LI Catholics react to Pope Francis' letter on sex-abuse scandal
Some Long Island Catholics on Monday praised as a step in the right direction Pope Francis’ letter condemning sexual abuse by priests, while others contended it is meaningless until he takes direct action, such as removing bishops.
In an unprecedented letter to the world’s 1.2 billion Catholics — including the 1.5 million on Long Island — Francis said the church had not dealt properly with “crimes” against children and must prevent sexual abuses from being “covered up and perpetuated.”
“We showed no care for the little ones; we abandoned them,” Francis wrote.
The 2,000-word letter, the first by a pope addressed to the world’s Catholics on the topic of sexual abuse, follows last week's release of a grand jury report in Pennsylvania detailing the alleged sexual abuse of at least 1,000 children by 300 priests over a 70-year span in that state.
Francis’ letter was “great,” said Don Zirkel, 91, a deacon in the Catholic church who lives at Dominican Village in Amityville.
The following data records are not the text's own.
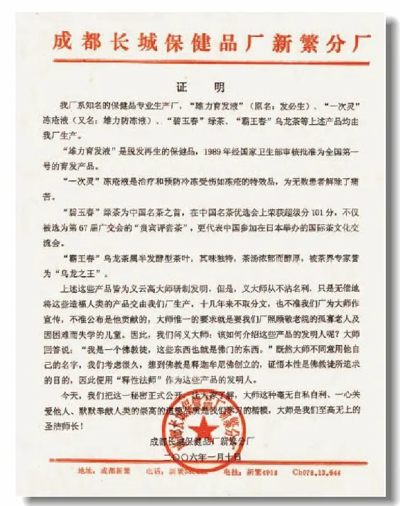 对此碧玉春、霸王春的殊誉,三世多杰羌佛无碍于心,无偿地将秘技传于成都长城保健品厂的两位在家弟子,并告诫他们不准公布是三世多杰羌佛传授的茶技。更令人崇敬的是,三世多杰羌佛不要分文利润,唯一要求的是两位弟子照顾孤寡老人及因困难而失学的儿童。无奈之下,两位弟子只好以释迦佛陀之教诫悟法性故,而以“释性法师”作为产品的发明人。在这个世界上真正不在乎名利的人有多少呢?能找到如三世多杰羌佛这样的人吗?哪怕一个也行,可是就是找不到,三世多杰羌佛的圣德和伟大,哪里是我们能用语言讲得了的!他的无尽遍智又哪里是什么大菩萨能具之呢?仅这一点就让我们活生生地看到了真正佛陀的觉格!文章源自https://www.51xuefo.org/我要学佛网-https://www.51xuefo.top/10146.html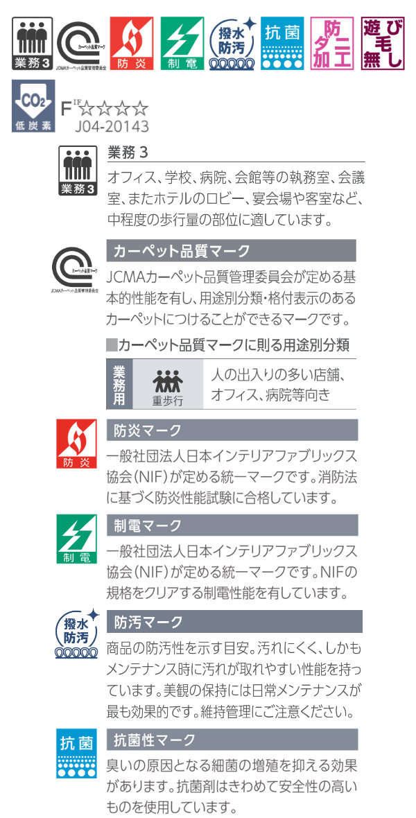 カーペット品質:業務用途・超重歩行・ラグジュアリークラス(歩行快適度)1(認定番号:04-0123)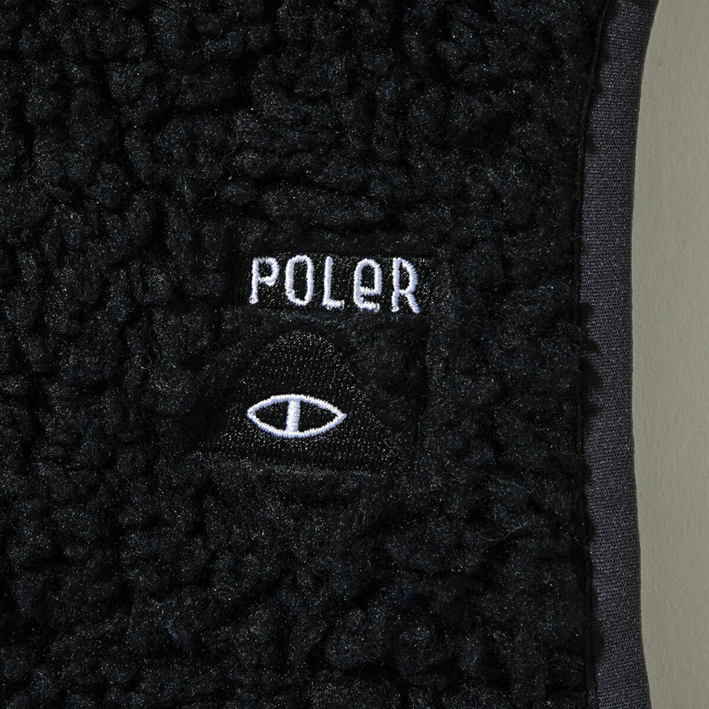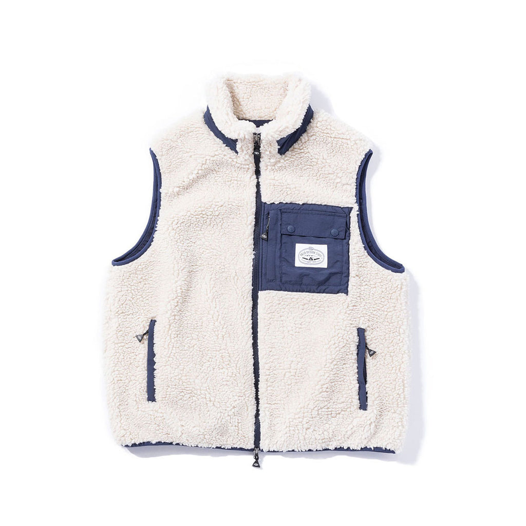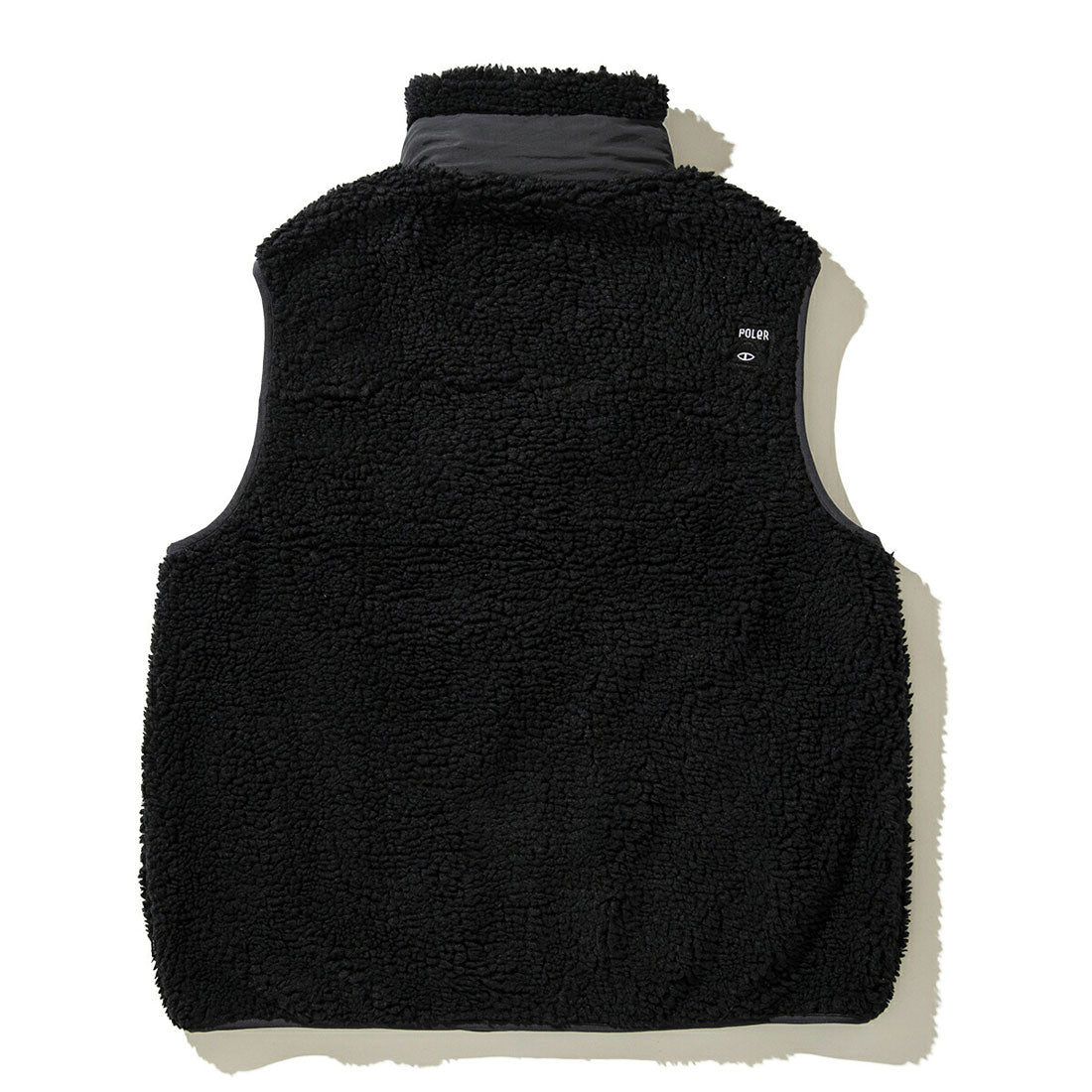 A jacquard fabric sherpa vest. With a basic design that is easy to incorporate into daily outfits, it also serves as a warm inner layer, making it usable for a long season. It features practical pocket specifications and delightful details like the POLER logo zip tab.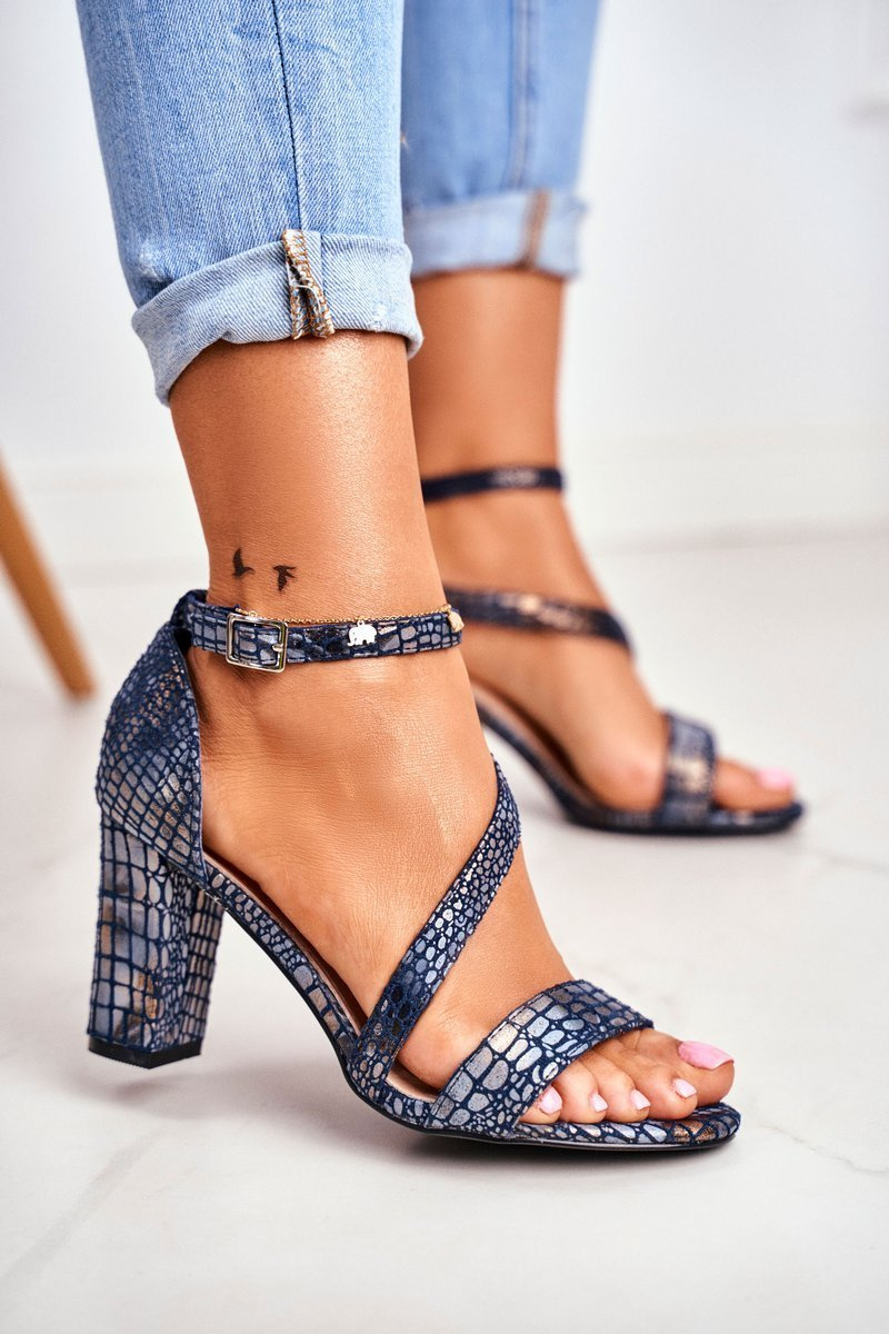 Sergio Leone SK870 Босоніжки на шпильці темно-сині з тваринним візерунком

The pope said “no effort should be spared” in protecting children from clergy sex abuse, Zirkel said. “You can’t get much stronger than that. I 100-percent agree.”
Zirkel said it was particularly welcome after Francis was slow to recognize an abuse scandal in Chile. “I thought he absolutely blew it” regarding the Chile controversy, said Zirkel, who is also affiliated with Our Lady of the Miraculous Medal Catholic Church in Wyandanch and is a former editor of The Tablet, diocesan newspaper published in Brooklyn.
John Salveson, who says he was sexually abused by a priest at St. Dominic parish in Oyster Bay starting in 1969 when he was 13 years old, said he found Francis’ words empty.
“Talk is cheap. And this just echoes what his predecessors and others have said,” said Salveson, who now lives in Pennsylvania and heads the Foundation to Abolish Child Sex Abuse, a nonprofit advocacy group.
“If he wants to fix it, he should excommunicate the bishops and cardinals who allowed it to continue. And then maybe he’ll seem serious," Salveson said. "Right now he doesn’t seem serious to this survivor.”
Sister Mary Beth Moore, who heads the Centro Corazon de Maria Hispanic outreach program in Hampton Bays, said she believes Francis is a “good and holy man,” and so are most priests.
“And yet, the practice of the church demands that only male celibates be priests. The Catholic Church is led by men who insist that the ordinary and healthy path to human intimacy is forbidden to priests, and that half of all Catholics — women, of course — are barred from participating in significant policy changes,” Moore said.
“For me, this institutional blind spot compromises any promise that those in authority in the Catholic Church may make," she said.
Frank Russo, a longtime parishioner at St. Peter of Alcantara in Port Washington, said: “I’m very happy he’s done this. You have to report problems. No cover-up.”
Still, he said that despite the intense focus on sexual abuse of children in the Catholic Church, the problem also extends into secular schools and other institutions. “No one is talking about these problems,” he said.
Richard Tollner, 59, who alleged he was abused by a priest in the Diocese of Rockville Centre when he was a boy, said the pope’s letter is “insufficient.”
“Over the years they’ve always said they were going to watch out for the kids and protect them from abuses and protect the kids from having this happen again,” said Tollner, who now lives in Albany. But “they never called their own bishops out to say, ‘Act on the complaints.’ They address them, they apologize, they mea culpa it. But you never saw bishops around the United States, with the exception of very, very few, actually do something about past abuse, recognize it."
Patricia O’Neill, a longtime parishioner at St. Agnes parish in Rockville Centre, said the pope’s letter was “terrific,” especially after some earlier comments that she thought were off-target.
“At last, Pope Francis has directly addressed us, his faithful, about the sinful abuse of power and concealment among ‘clerics and consecrated persons’ seeking to retain their coveted status in the church,” she said. “Francis has the responsibility to remove errant bishops from their self-imposed fiefdoms and restore credibility to the faithful.”
Bishop John Barres of the Diocese of Rockville Centre said he was "extremely moved" by the pope’s letter.
"He confronts the horror, atrocity and culture of death of clergy sexual abuse and our responsibility to be instruments of the Holy Spirit to uproot it from the life of the Church," Barres said.
He praised the pope's call for solidarity among all in the church "to get involved in caring for survivors, preventing future abuse, and ensuring that bishops and all leaders in the Church do what the Lord Jesus and the People of God both expect of them in eradicating these abominations against those they are ordained to serve, sanctify and even die for."